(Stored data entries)
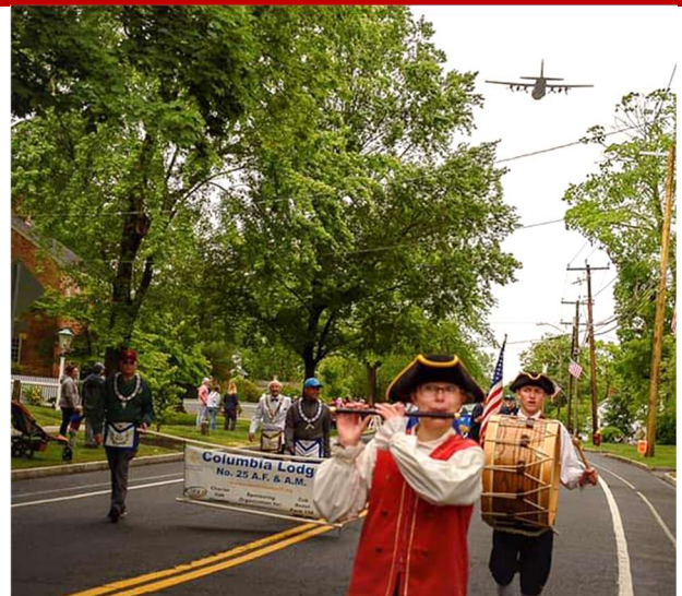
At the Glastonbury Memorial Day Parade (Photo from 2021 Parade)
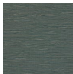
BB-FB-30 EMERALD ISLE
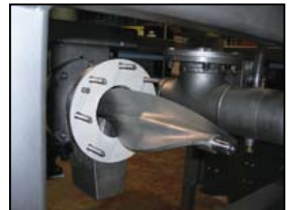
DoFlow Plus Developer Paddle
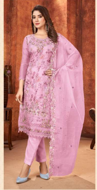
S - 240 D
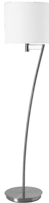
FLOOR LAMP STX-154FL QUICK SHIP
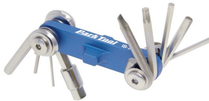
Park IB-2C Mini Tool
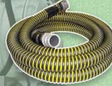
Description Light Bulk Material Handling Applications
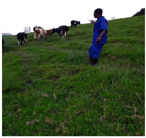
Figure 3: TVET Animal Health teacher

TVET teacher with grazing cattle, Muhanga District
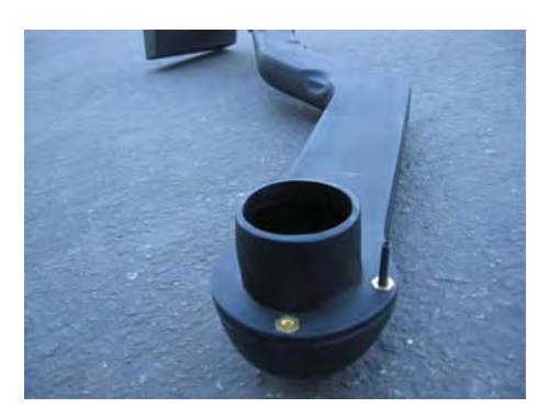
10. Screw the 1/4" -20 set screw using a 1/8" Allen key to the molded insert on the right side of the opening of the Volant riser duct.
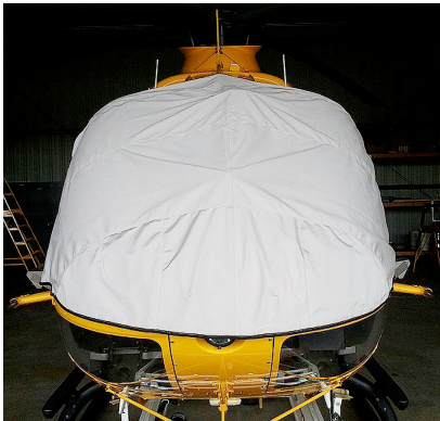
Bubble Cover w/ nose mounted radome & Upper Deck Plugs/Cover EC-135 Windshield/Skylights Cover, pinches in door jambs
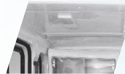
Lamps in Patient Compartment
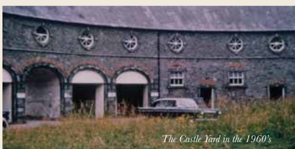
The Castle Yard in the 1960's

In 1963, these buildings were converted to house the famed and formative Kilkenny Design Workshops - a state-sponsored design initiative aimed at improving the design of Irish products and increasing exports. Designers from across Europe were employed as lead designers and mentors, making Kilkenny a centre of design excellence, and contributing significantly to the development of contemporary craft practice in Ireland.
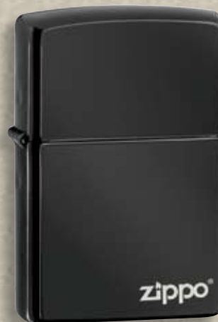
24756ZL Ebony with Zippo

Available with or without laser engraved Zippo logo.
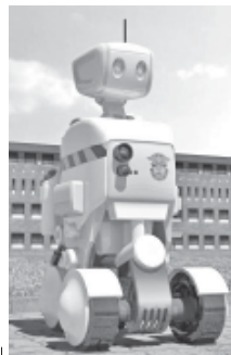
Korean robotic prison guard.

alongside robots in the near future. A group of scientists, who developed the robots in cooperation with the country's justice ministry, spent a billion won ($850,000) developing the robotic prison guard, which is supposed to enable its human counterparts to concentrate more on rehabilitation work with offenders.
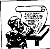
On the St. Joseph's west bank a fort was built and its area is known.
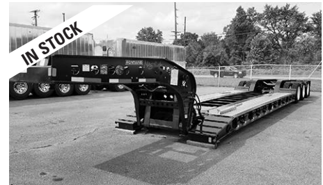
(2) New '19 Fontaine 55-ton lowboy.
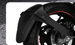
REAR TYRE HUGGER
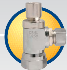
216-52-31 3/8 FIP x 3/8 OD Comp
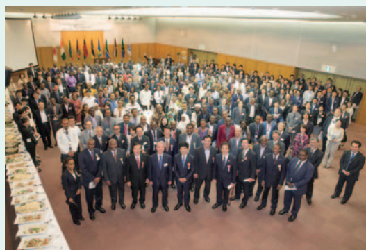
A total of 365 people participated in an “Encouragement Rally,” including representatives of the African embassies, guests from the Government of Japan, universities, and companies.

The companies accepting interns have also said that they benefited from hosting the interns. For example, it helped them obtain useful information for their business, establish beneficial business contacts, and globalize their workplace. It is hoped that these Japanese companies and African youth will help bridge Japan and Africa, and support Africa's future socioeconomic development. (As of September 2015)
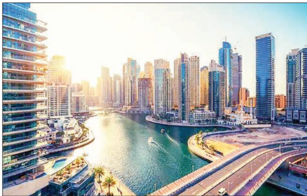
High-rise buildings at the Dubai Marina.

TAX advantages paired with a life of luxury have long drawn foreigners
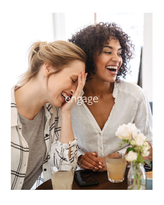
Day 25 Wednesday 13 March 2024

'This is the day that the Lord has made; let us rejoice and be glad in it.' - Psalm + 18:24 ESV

• WORK TO COMPLETE: Skip the pictures and transcribe the rest of the records exactly.

• ANSWER TO THE PROBLEM:
At the Glastonbury Memorial Day Parade (Photo from 2021 Parade)
BB-FB-30 EMERALD ISLE
DoFlow Plus Developer Paddle
S - 240 D
FLOOR LAMP STX-154FL QUICK SHIP
Park IB-2C Mini Tool
Description Light Bulk Material Handling Applications
Figure 3: TVET Animal Health teacher

TVET teacher with grazing cattle, Muhanga District
10. Screw the 1/4" -20 set screw using a 1/8" Allen key to the molded insert on the right side of the opening of the Volant riser duct.
Bubble Cover w/ nose mounted radome & Upper Deck Plugs/Cover EC-135 Windshield/Skylights Cover, pinches in door jambs
Lamps in Patient Compartment
The Castle Yard in the 1960's

In 1963, these buildings were converted to house the famed and formative Kilkenny Design Workshops - a state-sponsored design initiative aimed at improving the design of Irish products and increasing exports. Designers from across Europe were employed as lead designers and mentors, making Kilkenny a centre of design excellence, and contributing significantly to the development of contemporary craft practice in Ireland.
24756ZL Ebony with Zippo

Available with or without laser engraved Zippo logo.
Korean robotic prison guard.

alongside robots in the near future. A group of scientists, who developed the robots in cooperation with the country's justice ministry, spent a billion won ($850,000) developing the robotic prison guard, which is supposed to enable its human counterparts to concentrate more on rehabilitation work with offenders.
On the St. Joseph's west bank a fort was built and its area is known.
(2) New '19 Fontaine 55-ton lowboy.
REAR TYRE HUGGER
216-52-31 3/8 FIP x 3/8 OD Comp
A total of 365 people participated in an “Encouragement Rally,” including representatives of the African embassies, guests from the Government of Japan, universities, and companies.

The companies accepting interns have also said that they benefited from hosting the interns. For example, it helped them obtain useful information for their business, establish beneficial business contacts, and globalize their workplace. It is hoped that these Japanese companies and African youth will help bridge Japan and Africa, and support Africa's future socioeconomic development. (As of September 2015)
High-rise buildings at the Dubai Marina.

TAX advantages paired with a life of luxury have long drawn foreigners
Day 25 Wednesday 13 March 2024

'This is the day that the Lord has made; let us rejoice and be glad in it.' - Psalm + 18:24 ESV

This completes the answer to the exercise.